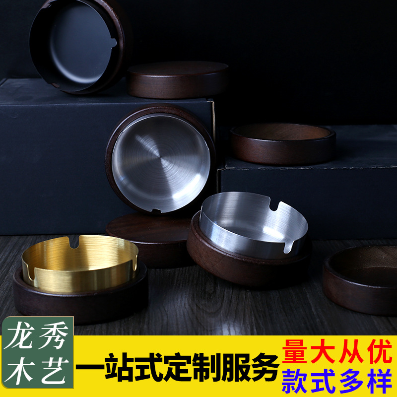 灰皿高颜値胡桃木実木家庭用客間高級オフィス蓋付き飛灰防止木製灰皿
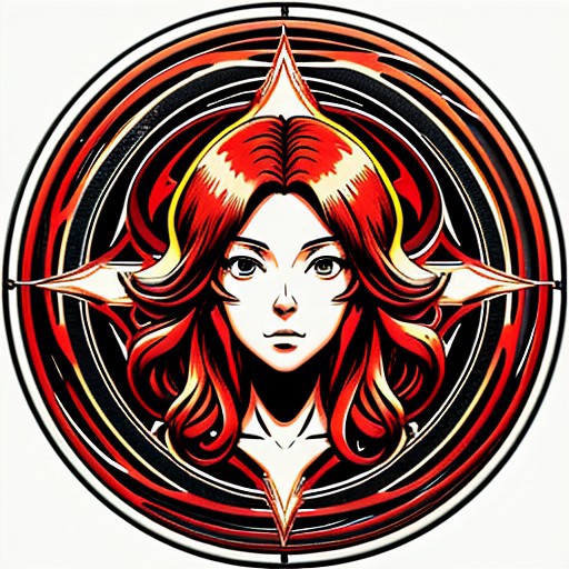 Anime style. Redhead girl. Metal art. Esoteric art. Strong stroke. Red and Orange stroke lines. Red and white outline.
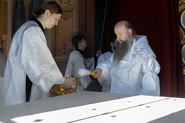 15 июня, в день памяти святителя Никифора, патриарха Константинопольского, наместник Троице-Сергиевой Лавры епископ Сергиево-Посадский и Дмитровский Кирилл совершил Божественную литургию и чин Великого освящения Духовского храма обители.
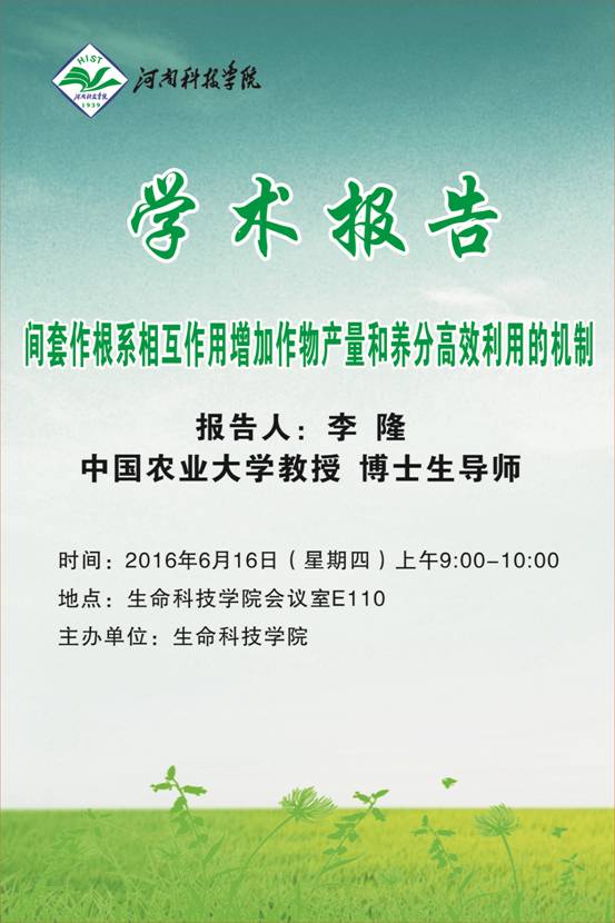 李隆博士,中国农业大学教授,博士生导师。一直从事间套作体系资源高效利用的机制及长期效应的研究工作。先后主持多项国家自然科学基金资助项目、国家重大基础研究(973)项目课题、和国家科技支撑计划项目课题等多项国家级课题,曾主持中德和欧盟等国际合作项目。获得省部级科技奖励6项。在包括《美国科学院院刊》(PNAS),Oecologia, Field Crops Research, Plant and Soil, NewPhytologist, Annals of Botany, Agriculture, Ecosystems and Environment等国际知名刊物上发表间套作提高土壤养分资源利用效率研究文章50多篇。出版专著《间套作体系豆科作物固氮生态学原理与应用》。发表的文章在国际被引用2000多次。最近,李隆课题组进一步揭示了植物之间通过地下部根系分泌物作为信号,强化结瘤和固氮,进而实现植物种间的互利和互惠作用的新机制。2016年6月7日《美国科学院院刊(PNAS)》发表了他们的最新进展。

**WHAT THE TASK ASKS**
Output the complete listing exactly as it appears, except for the images.

**RESPONSE BOX**
 灰皿高颜値胡桃木実木家庭用客間高級オフィス蓋付き飛灰防止木製灰皿
 Anime style. Redhead girl. Metal art. Esoteric art. Strong stroke. Red and Orange stroke lines. Red and white outline.
 15 июня, в день памяти святителя Никифора, патриарха Константинопольского, наместник Троице-Сергиевой Лавры епископ Сергиево-Посадский и Дмитровский Кирилл совершил Божественную литургию и чин Великого освящения Духовского храма обители.
 李隆博士,中国农业大学教授,博士生导师。一直从事间套作体系资源高效利用的机制及长期效应的研究工作。先后主持多项国家自然科学基金资助项目、国家重大基础研究(973)项目课题、和国家科技支撑计划项目课题等多项国家级课题,曾主持中德和欧盟等国际合作项目。获得省部级科技奖励6项。在包括《美国科学院院刊》(PNAS),Oecologia, Field Crops Research, Plant and Soil, NewPhytologist, Annals of Botany, Agriculture, Ecosystems and Environment等国际知名刊物上发表间套作提高土壤养分资源利用效率研究文章50多篇。出版专著《间套作体系豆科作物固氮生态学原理与应用》。发表的文章在国际被引用2000多次。最近,李隆课题组进一步揭示了植物之间通过地下部根系分泌物作为信号,强化结瘤和固氮,进而实现植物种间的互利和互惠作用的新机制。2016年6月7日《美国科学院院刊(PNAS)》发表了他们的最新进展。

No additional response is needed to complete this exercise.